A simple kemono.party downloader using python.
503 stars 81 forks source link

(not solved)An issue where the post did not finish downloading but not marked as failed #15

Closed CODE-LA-LI-LU-LE-LO closed 2 years ago

CODE-LA-LI-LU-LE-LO commented 2 years ago

image

service: fanbox user_id: 49906039 post_id: 2245817 I have confirmed that the problem still occurs after the update. The issue was found in multiple posts. (The timestamp was added by me to check the log) Also, there is a problem with the progress bar not showing when downloading the pdf file.

AlphaSlayer1964 commented 2 years ago

So multiple weird things seem to be happening with your version of the downloader. When I downloaded this post I got a loading bar for all the pdf's. At first I thought it was because the files had no file size in the header, it won't print the bar if that's the case, but they all showed up for me. Next I don't know why that last file has a [000] in front as that is the single post "file" and doesn't get index, only attachments do.

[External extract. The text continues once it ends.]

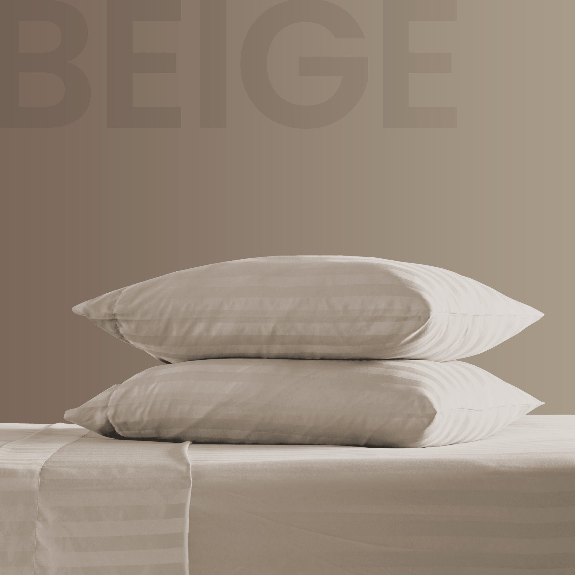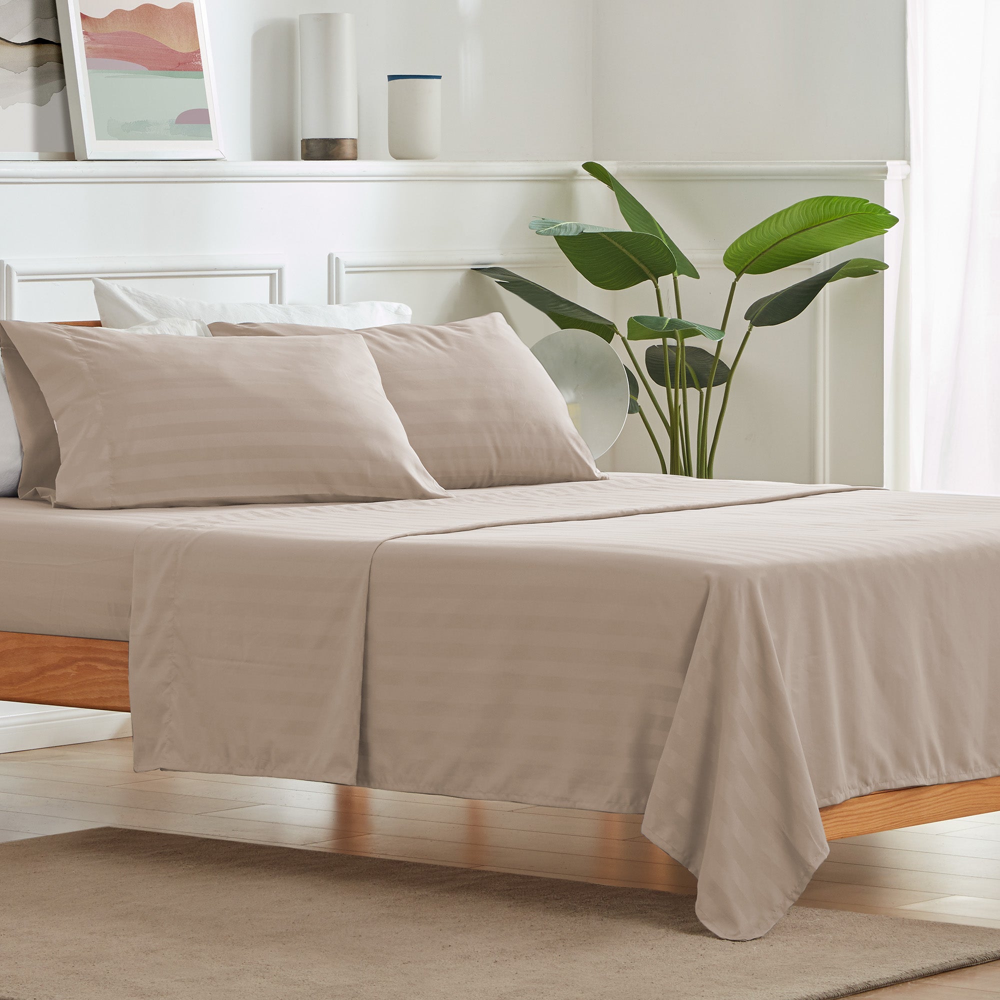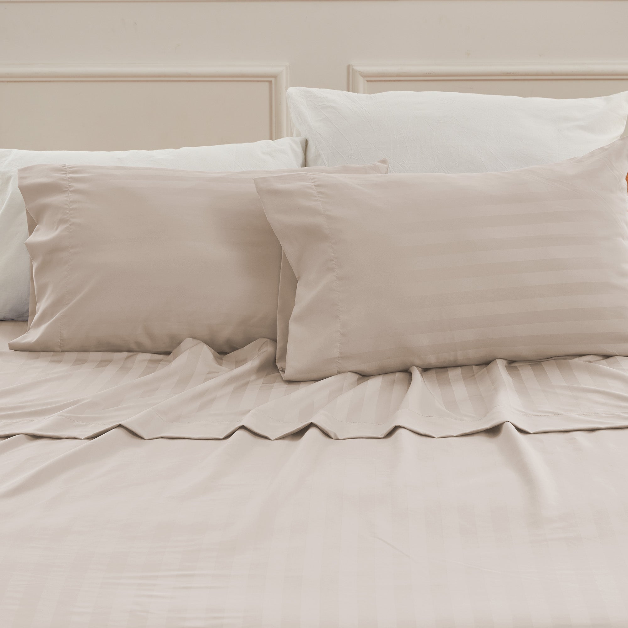 Cooling Satin Striped Sheets Set for Hot Sleepers-Beige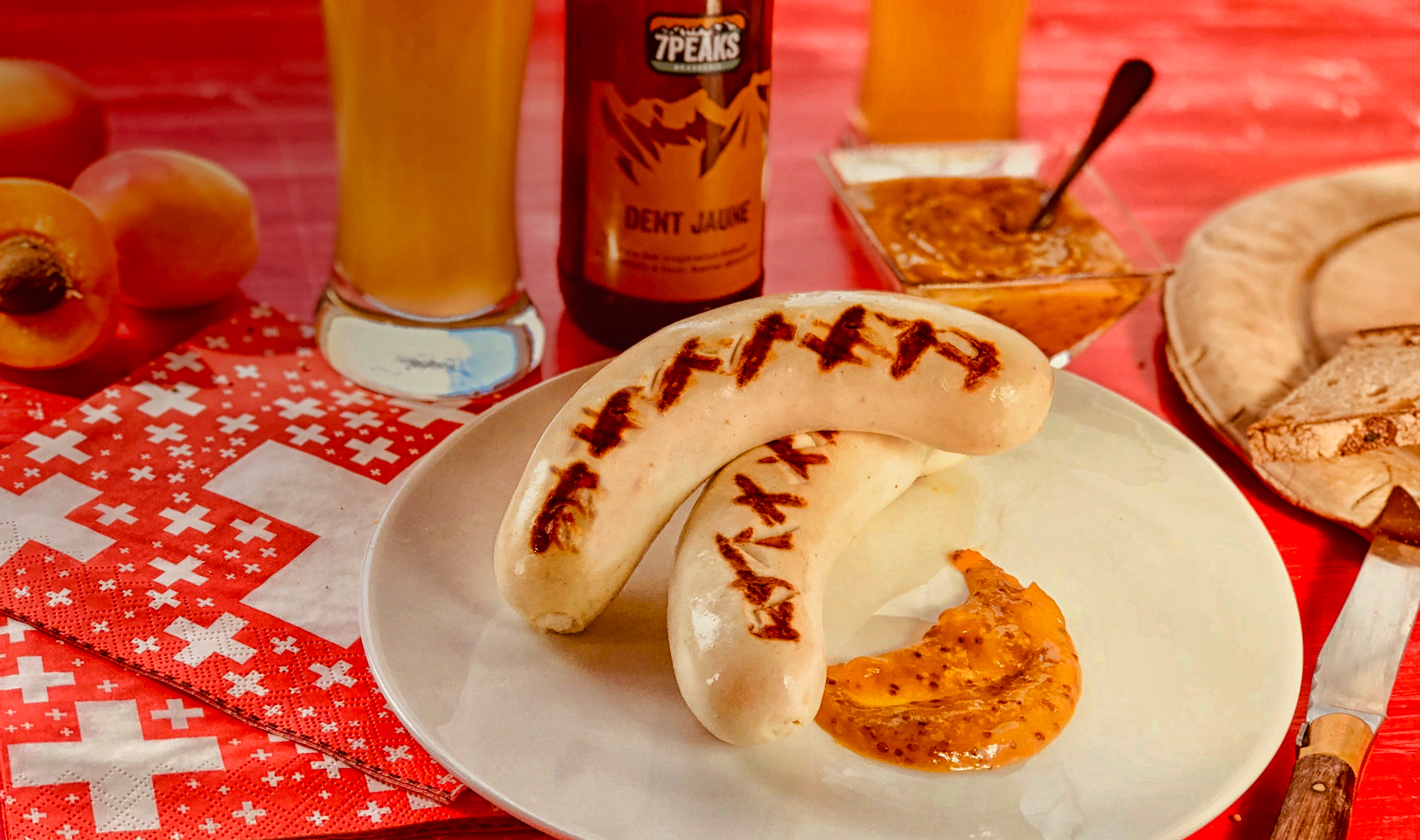 Inciser très légèrement les saucisses de perches LOË, badigeonner-les d’huile de pépins de raisin (pour éviter qu’elles n’attachent à la grille) et les poser sur le grill. Cuire 3-4 min. de chaque côté et servir sans attendre avec de la moutarde à l’abricot et du pain au levain.

Concerning the main problem of the file not completing but not being logged as an error I honestly have no idea. I'm not able to reproduce this issue even with the same post, the file downloaded fine for me. This makes it really had for me to test what's going on. I do have an error exception handling during the download so if it just stops it should be triggering that. If you try downloading from kemono.party directly though your browser do you get any failed downloads?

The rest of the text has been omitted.